Search is also going to be a key piece of the Hadoop 2.0 stack moving forward. “The notion that we can take the power of the Hadoop stack and wed it to what search does, and alleviate some of the problems that search has, is a very seductive one,” Adrian says. “It’s hard for most search environment to iterate over a large result set. It’s hard to join things from one to another… But it turns out that distributed computing allows us to tackle some of those problems.”
Graph processing will be here someday, Adrian promised. “We’ve been talking about it,” he said. “Today you can do graph but it’s not in the distribution. There isn’t a generally available Apache Hadoop project for graph. But stay tuned it will come. Watch for Giraph.”
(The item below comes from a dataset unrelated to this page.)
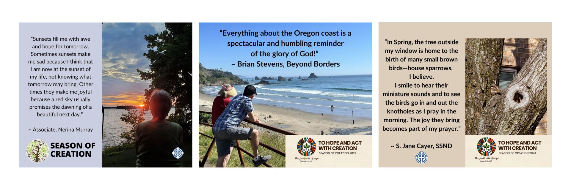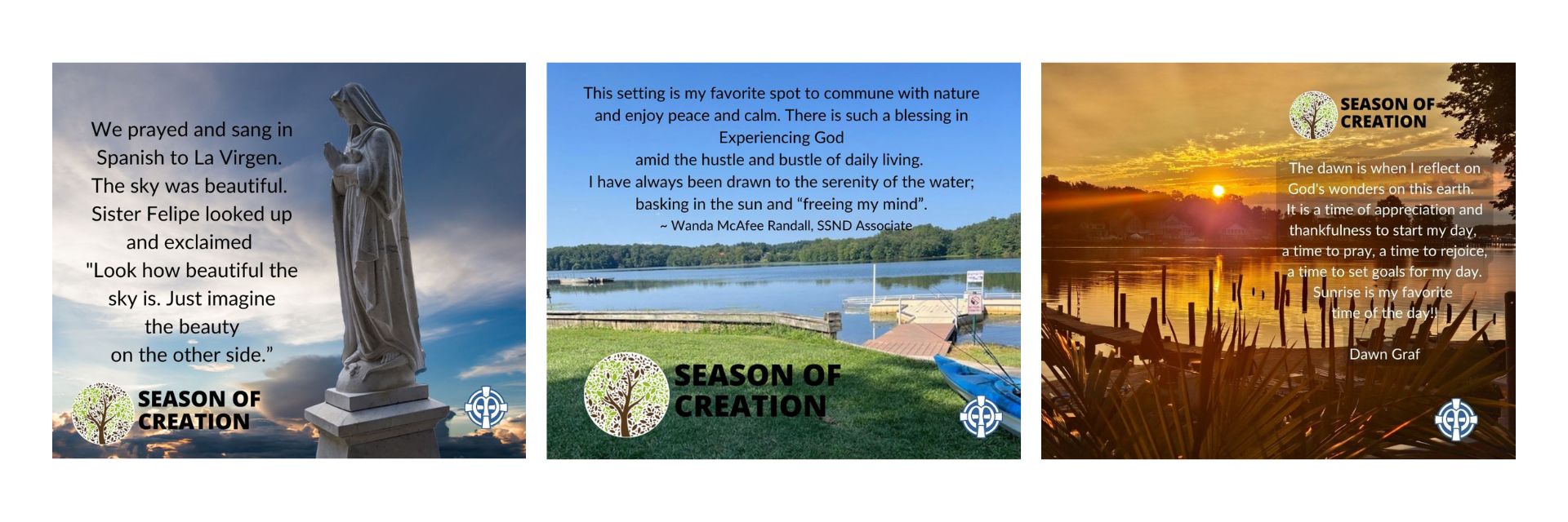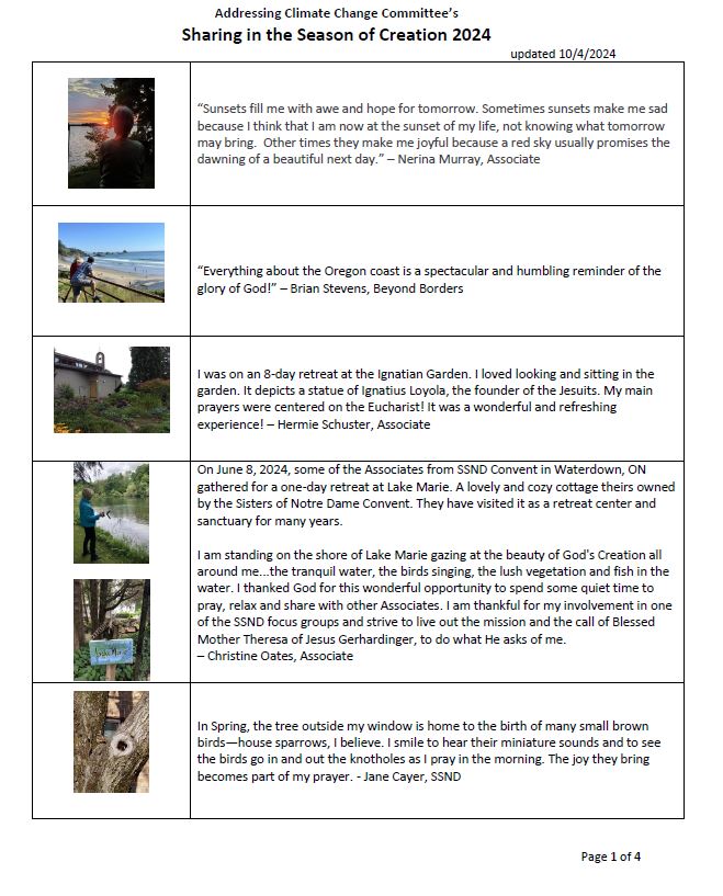 Click here to see a flyer of all Season of Creation photo contributions from our SSNDs, Associates, and Colleagues."
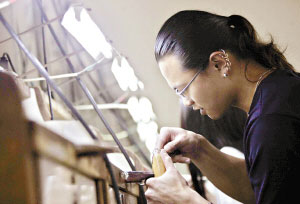 從去年9月到今年2月,陳介偉每天上課、學(xué)工藝!懊刻彀诵r(shí),大部分的時(shí)間都在實(shí)驗(yàn)室!苯(jīng)過半年的學(xué)習(xí),陳介偉掌握了雕蠟、手工、制模、石板、拋光、電鍍等一整套的工藝流程,并獲得了中級(jí)技能資格。學(xué)完了之后想干什么?陳介偉表示,他非常關(guān)注年輕人的個(gè)性飾品。

The progress that the Hadoop community is making in each of these product categories is generating excitement–among users and vendors alike. Hortonworks president Herb Cunitz talked about the ease-of-integration into Hadoop that YARN brought to the table in late 2013 as creating a tipping point in the Hadoop adoption that has continued into 2014. (Hortonworks launched a YARN Ready program this week to try and accelerate its uptake among the community.)
“You can start to see an inflection point in what happened in the community, what happened in the market, what happened in company’s adoption patterns as they started to look and say, ‘What else can I do with Hadoop?'” he said during his Hadoop Summit keynote. “I can do a whole lot more and leverage YARN as a data operating system and truly use Hadoop as a core data platform in my environment.”
The power of Hadoop will be needed. According to Hortonworks CEO Rob Bearden, we’ll be facing a 50x growth in data between now and 2020, from 2.3 zetabytes in 2013 to 40 zetabytes by 2020. What’s more, 85 percent of that data is expected coming from net-new data sources, including mobile, sensor, social, web-generated data, and machine generated data, he said during his keynote address Tuesday.
“It gives us … an opportunity to build and create solutions that we’ve never been able to do,” Bearden said. “In fact, if we get that data under management correctly, it allows us to evolve the business model from being reactive post transaction to being interactive with my customers and my supply chain pre-transaction. And that’s really the value that Hadoop can bring and the genesis of Hadoop.”